A population based study published in Neurology in 2006 discovered that over a 16 year period (1987-2003) the incidence rate of  strokes due to arterial dissection (ICAD and VAD) affected only 0.97 - 1.72 residents per 100,000 annually within the defined community (Olmsted County, MN).[13] These findings regarded the population in general since reliable epidemiological data was not available. A subsequent population-based case control and case-crossover study conducted by members of the Bone and Joint Decade 2000-2010 Task Force on Neck Pain and Its Associated Disorders was published in SPINE in 2008 which investigated the association between chiropractic care and stroke due to arterial dissection and compared it to primary care physician (PCP) treatment for the same issue.[14] This study examined ALL residents of Ontario (109,020,875 person years), Canada’s most populous province over a nine (9) year period (1993-2002). The researchers found only 818 cases of stroke due to arterial dissection that met the study’s inclusion/exclusion criteria. Overall, 4.4% (n=36) of the cases had visited a chiropractor and 51.0% (417) had only visited a PCP 30 days prior to hospital admission for stroke related to arterial dissection. It should be noted  though that of the 36 cases noted above, only 16 cases (2.0%) were exclusively chiropractic visits 20 (2.4%) had visited both a chiropractor and PCP with the remaining 365 cases having consulted no one for care prior to hospitalization due to stroke. In the end the researchers came to the following conclusions:
            - Stroke due to arterial dissection within the population is a RARE EVENT.
- Of the 453 cases that did consult either a chiropractor or PCP prior to hospitalization, the chief complaint upon presentation was neck pain and headache. The researchers concluded that this similarity was due to an arterial dissection IN PROGRESS which led these patients to seek relief of their pain.
- There is an association between chiropractic care and arterial dissection-related stroke within residents under the age of 45 but chiropractic care DOES NOT exhibit any excess risk of eliciting a stroke.
- There is an association in PCP care and arterial dissection-related stroke in ALL AGE GROUPS.
- Currently there exists no valid screening procedure to identify the risk of stroke in a person presenting with neck pain and/or headache.

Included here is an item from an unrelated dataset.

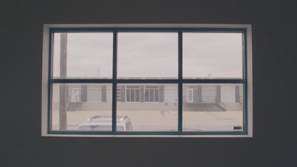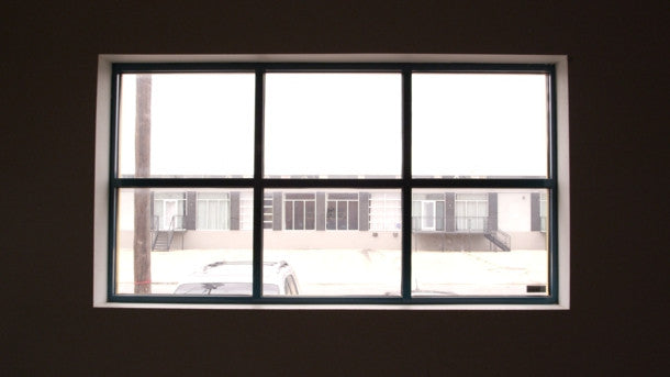 A large six pane window with the exposure bracketed down to show some of the outside. The inside walls and frame are in shadow.

The substantive nature of this data is enlightening but in no way exhausts the need for further investigation into this rare yet life altering event. A collaborative effort between chiropractors and neurologists during future research is needed in order to derive a feasible screening method and eliminate the confusing and conflicting information currently being given to patients regarding the treatment of neck pain and headache.

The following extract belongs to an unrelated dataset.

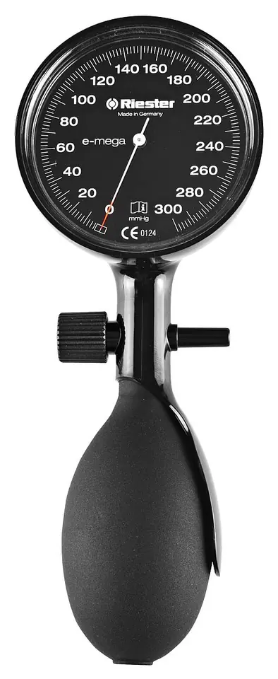 Ciśnieniomierz lekarski, zegarowy E-mega W całości wykonany z poliwęglanu. Mankiety dołączane do tego modelu charakteryzuje budowa jednoczęściowa oraz to, że są całkowicie bezlateksowe. Dostępny jest w kolorze białym. Ciśnieniomierz e-mega posiada świadectwo klinicznej walidacji BHS. Główne cechy ciśnieniomierza dla lekarza – E-mega: Korpus z poliwęglanu, czytelny manometr, duża skala o średnicy 63 mm (2,5 cala), wysokopolerowany manometr, łatwy do dezynfekcji, ergonomiczny kształt gruszki umożliwia szybkie pompowanie, zawór odpowietrzający z precyzyjną regulacją, kontrastowa wskazówka na skali, mankiety jednowężykowe, bezlateksowe, nadające się do prania, mikrofiltr zabezpiecza układ pomiarowy, obciążenie ciśnieniowe do 600 mm Hg, maksymalny błąd pomiarowy w zakresie +/- 3 mm Hg, posiada świadectwo klinicznej walidacji BHS, 2 lata gwarancji.

[1] Haldeman, Scott, Paul Carey, Murray Townsend, and Costa Papadopoulos. "Arterial Dissections following Cervical Manipulation the Chiropractic Experience." Canadian Medical Association Journal 165.7 (2001): 905-06. Print.

[2] Cassidy, David, Eleanor Boyle, Pierre Cote, Helen He, Sheilah Hogg-Johnson, Frank L. Silver, and Susan J. Bondy. "Risk of Vertebrobasilar Stroke and Chiropractic Care." Spine 33.4S (2008): 000. Print.

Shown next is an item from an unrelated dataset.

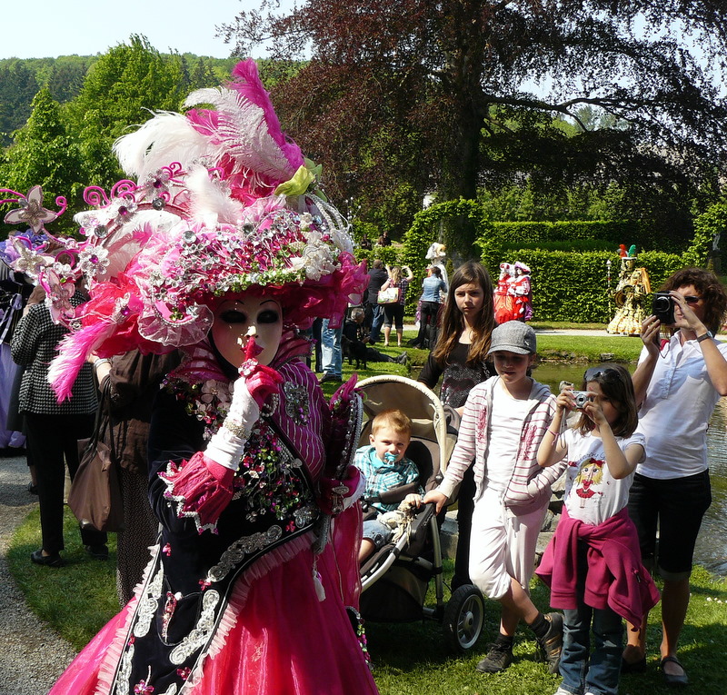 Chaque année, les jardins d'Annevoie accueillent des costumés de Venise. Ce sont des groupes de personnes passionnés des costumes vénitiens qui se produisent un peu partout, pour le plaisir de se montrer.

[3] Terrett, AG. "Misuse of the Literature by Medical Authors in Discussing Spinal Manipulative Therapy Injury." Journal of Manipulative and Physiological Therapeutics 18.4 (1995): 203-10. Print.

[4] Murphy, Donald. “Primary Spine Practitioner Training Session III: Putting it all Together.” Community Spine Pathway Training. Burgundy Basin Inn, Rochester. 3&4 May 2014. Lecture.

[5] Hufnagel, A., Alexander Hammers, Paul-Walter Schonle, Klaus-Dieter Bohm, and Georg Leonhardt. "Stroke following Chiropractic Manipulation of the Cervical Spine." Journal of Neurology 246(8) (1999): 683-88. Print.

[6] Reuter, U., M. Hamling, I. Kavuk, K. M. Einhaupl, and E. Schielke. "Vertebral Artery Dissections after Chiropractic Neck Manipulation in Germany over Three Years." Journal of Neurology 253(6) (2006): 724-30. Print.

[7] Risser, Amanda, Deirdre Donovan, John Heintzman, and Tanya Page. "NSAID Prescribing Precautions." American Family Physician 80.12 (2009): 1371-378. American Academy of Family Physicians. American Family Physician, 15 Dec. 2009. Web. 08 May 2014. <http://www.aafp.org/afp/2009/1215/p1371.html#afp20091215p1371-b13>.

[8] Wolfe, Micheal, David Lichtenstein, and Gurkirpal Singh. "Gastrointestinal Toxicity of Nonsteroidal Anti-inflammatory Drugs." New England Journal of Medicine 340;24 (1999): 1888-899. Print.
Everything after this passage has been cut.